1043トリニティ。 商談はディナーの前に?

「ふにゃ~~あ。・・・・。あふぅ。」

グリダニアのとある「家」にて。

リビングルームにしっかりと自分の寝床を確保しているミコッテの女性、ショコラは。
朝日を浴びて・・と言っても、昼前のギリである。
そろそろ午後に向けて傾いていく日差しを見て、驚愕をする。
「ベッキィ!」
いきなり呼び出された女給姿のエレゼンの女性、ベリキート。
「わっち。朝ごはん食べてない。」
「ワタクシもです。」
「「・・・・・・・・・・・・・・・・・・・・・・・」」

沈黙は金なり。
多分。


この「家」は、少し事情のある「者」に与えられていて、一般人は入れない。
そして、深緑生い茂るが如く融和を説くこの国も例外ではない。
もちろん、ウルダハや、リムサ・ロミンサからすれば可愛いとさえ言えるレベルだけれど。

この「家」の持ち主は「葬儀屋(フネラーレ)」
主に暗殺、偵察が生業。

そして、専属(自称)情報屋。
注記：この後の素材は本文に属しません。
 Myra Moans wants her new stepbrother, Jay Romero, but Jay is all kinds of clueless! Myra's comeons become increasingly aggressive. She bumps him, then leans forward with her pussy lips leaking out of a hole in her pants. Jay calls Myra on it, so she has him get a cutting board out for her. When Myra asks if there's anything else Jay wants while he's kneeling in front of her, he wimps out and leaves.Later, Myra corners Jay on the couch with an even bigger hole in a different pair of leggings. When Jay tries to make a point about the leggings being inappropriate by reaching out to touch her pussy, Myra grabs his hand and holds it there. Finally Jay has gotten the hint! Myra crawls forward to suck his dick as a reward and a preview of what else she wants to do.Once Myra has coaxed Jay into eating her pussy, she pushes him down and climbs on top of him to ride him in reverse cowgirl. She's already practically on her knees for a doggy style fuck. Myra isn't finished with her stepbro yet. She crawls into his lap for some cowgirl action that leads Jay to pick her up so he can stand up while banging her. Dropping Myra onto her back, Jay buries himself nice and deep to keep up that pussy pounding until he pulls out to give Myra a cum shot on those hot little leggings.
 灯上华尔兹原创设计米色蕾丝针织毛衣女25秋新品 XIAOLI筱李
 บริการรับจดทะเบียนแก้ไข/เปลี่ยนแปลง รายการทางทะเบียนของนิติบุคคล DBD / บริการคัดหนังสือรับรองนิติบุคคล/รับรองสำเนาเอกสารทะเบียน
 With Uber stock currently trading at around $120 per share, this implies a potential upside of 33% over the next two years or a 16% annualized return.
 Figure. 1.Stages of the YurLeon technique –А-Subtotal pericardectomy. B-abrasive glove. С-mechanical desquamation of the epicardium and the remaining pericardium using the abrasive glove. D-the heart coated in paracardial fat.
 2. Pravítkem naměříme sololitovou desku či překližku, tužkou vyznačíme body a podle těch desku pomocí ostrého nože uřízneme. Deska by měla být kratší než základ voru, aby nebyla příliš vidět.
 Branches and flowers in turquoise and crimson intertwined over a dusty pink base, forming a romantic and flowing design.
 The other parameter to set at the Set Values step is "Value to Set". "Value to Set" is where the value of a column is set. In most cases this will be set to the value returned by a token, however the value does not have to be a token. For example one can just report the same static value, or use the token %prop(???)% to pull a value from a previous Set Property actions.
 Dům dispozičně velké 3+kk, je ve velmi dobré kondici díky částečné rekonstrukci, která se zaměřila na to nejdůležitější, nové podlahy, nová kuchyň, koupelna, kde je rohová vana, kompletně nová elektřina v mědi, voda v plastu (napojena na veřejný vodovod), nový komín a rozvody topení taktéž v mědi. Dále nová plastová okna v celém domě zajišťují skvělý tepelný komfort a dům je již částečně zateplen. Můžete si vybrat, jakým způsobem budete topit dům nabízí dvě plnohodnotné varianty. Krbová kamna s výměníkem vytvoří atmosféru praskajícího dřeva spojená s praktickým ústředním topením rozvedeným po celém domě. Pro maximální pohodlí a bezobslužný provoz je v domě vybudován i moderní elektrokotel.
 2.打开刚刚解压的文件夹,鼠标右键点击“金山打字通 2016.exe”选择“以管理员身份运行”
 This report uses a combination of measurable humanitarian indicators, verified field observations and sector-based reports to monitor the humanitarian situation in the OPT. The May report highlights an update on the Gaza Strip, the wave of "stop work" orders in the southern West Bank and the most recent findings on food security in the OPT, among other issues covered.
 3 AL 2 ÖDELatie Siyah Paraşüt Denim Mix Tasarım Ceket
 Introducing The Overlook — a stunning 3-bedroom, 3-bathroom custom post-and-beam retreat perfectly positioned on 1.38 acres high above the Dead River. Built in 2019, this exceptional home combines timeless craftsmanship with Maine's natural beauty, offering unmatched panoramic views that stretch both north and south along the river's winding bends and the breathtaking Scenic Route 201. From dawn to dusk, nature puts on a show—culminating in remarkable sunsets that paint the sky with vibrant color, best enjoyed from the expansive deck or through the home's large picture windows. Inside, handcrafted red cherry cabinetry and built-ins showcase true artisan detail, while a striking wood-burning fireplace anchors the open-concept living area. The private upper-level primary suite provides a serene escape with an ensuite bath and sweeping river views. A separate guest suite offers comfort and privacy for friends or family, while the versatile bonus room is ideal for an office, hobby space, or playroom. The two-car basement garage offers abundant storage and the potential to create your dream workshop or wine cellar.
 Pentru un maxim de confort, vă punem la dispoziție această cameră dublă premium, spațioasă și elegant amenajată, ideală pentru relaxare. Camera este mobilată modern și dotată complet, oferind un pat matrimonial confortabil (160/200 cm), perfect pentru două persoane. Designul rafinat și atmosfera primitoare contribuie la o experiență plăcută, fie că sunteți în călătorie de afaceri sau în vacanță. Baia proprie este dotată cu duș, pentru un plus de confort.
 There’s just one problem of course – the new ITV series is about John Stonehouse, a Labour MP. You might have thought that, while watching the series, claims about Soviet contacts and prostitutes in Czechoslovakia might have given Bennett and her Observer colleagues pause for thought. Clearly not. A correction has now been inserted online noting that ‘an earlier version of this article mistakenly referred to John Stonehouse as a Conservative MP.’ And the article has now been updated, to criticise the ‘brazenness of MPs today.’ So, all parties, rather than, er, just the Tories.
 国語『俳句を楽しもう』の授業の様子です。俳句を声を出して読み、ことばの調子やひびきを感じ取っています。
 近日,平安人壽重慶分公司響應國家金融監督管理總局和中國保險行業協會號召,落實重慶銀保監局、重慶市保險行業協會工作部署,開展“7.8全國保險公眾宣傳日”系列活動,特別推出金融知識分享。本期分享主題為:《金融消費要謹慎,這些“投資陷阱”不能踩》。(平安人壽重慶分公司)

ミコッテの「ショコラ」
コレに下っ端依頼持ち込み人「キーファー(キーさん)」
さらに、とある事情で転がり込んできた、旧知の女給「ベリキート」

元々、フネラーレが一人で住んでいたハズなのだが、ショコラが常駐するようになり(情報屋は居場所がバレたらヤバい)ということで
いつものようにリビングにあるクッション群を占拠している。
このクッションに関しては、フネラーレの趣味では無い、らしいが、満更でもないみたいなので、こっそりと数を増やしつつある。

そんなリビングで。
「お嬢様。ご昼食は?」黒い肌に銀髪のエレゼンの女給。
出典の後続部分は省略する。